Since the arrest was lawful, the officers were authorized to contemporaneously search Nootenboom for weapons, or for the fruits of, or implements used to commit, the crimes. Weeks v. United States, 232 U.S. 383, 34 S.Ct. 341, 58 L.Ed. 652 (1914); Agnello v. United States, 269 U.S. 20, 46 S.Ct. 4, 70 L.Ed. 145 (1925). Their search produced the switchblade knife. They were not obliged to undress him in public to secure his clothes and other identifying objects. We conclude that the lower court correctly allowed in evidence the defendant's clothes, cigarettes and switchblade knife, as items produced by a search substantially contemporaneous with a lawful arrest. Cf. Preston v. United States, 376 U.S. 364, 84 S.Ct. 881, 11 L.Ed.2d 777, (1964); Stoner v. California, 376 U.S. 483, 84 S.Ct. 889, 11 L.Ed.2d 856 (1964); Thurlow v. State, 81 Nev. 510, 406 P.2d 918 (1965).

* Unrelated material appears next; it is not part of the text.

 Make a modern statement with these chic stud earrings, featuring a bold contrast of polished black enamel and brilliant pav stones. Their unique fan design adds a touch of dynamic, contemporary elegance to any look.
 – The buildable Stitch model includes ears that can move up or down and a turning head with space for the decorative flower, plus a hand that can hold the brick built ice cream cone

Counsel for appellant was court appointed. Accordingly, we direct the District Court to give him the certificate specified in NRS 7.260(3) to enable him to receive compensation as provided in NRS 7.260(4).


ZENOFF, D.J., concurs.

COLLINS, J., concurring:

I concur with the holding of the majority opinion, but for a different reason on the point dealing with the arrest. Officer McHale testified appellant was arrested as a disorderly person, a misdemeanor. The officer had no warrant, but because the offense was committed in his presence he needed none. NRS 171.235(1) (a). Appellant was found guilty of the charge, was sentenced to jail, and served the time ordered. He in no way questioned the arrest nor appealed the conviction. Time for such appeal has since expired.

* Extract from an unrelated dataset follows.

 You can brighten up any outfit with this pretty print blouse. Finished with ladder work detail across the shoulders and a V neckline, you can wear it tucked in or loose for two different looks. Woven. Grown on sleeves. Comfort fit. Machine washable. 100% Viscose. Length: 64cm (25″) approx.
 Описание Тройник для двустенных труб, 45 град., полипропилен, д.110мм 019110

That arrest being valid, any reasonable search incident thereto would be valid. Agnello v. United States, 269 U.S. 20, 30, 46 S.Ct. 4, 70 L.Ed. 145 (1925); Carroll v. United States, 267 U.S. 132, 158, 45 S.Ct. 280, 69 L.Ed. 543 (1925); Weeks v. United States, 232 U.S. 383, 392, 34 S.Ct. 341, 58 L.Ed. 652 (1914).

If arrest for the misdemeanor was valid, we do not need to speculate about probable cause to support his arrest without a warrant on the felony charge. It was the arrest for the misdemeanor which brought about the search which produced the evidence to support the felony conviction. The arrest for the misdemeanor was certainly validated in all legal respects when appellant was found guilty of the very charge for which he was arrested, served his time, took no appeal, nor otherwise attacked the judgment of conviction.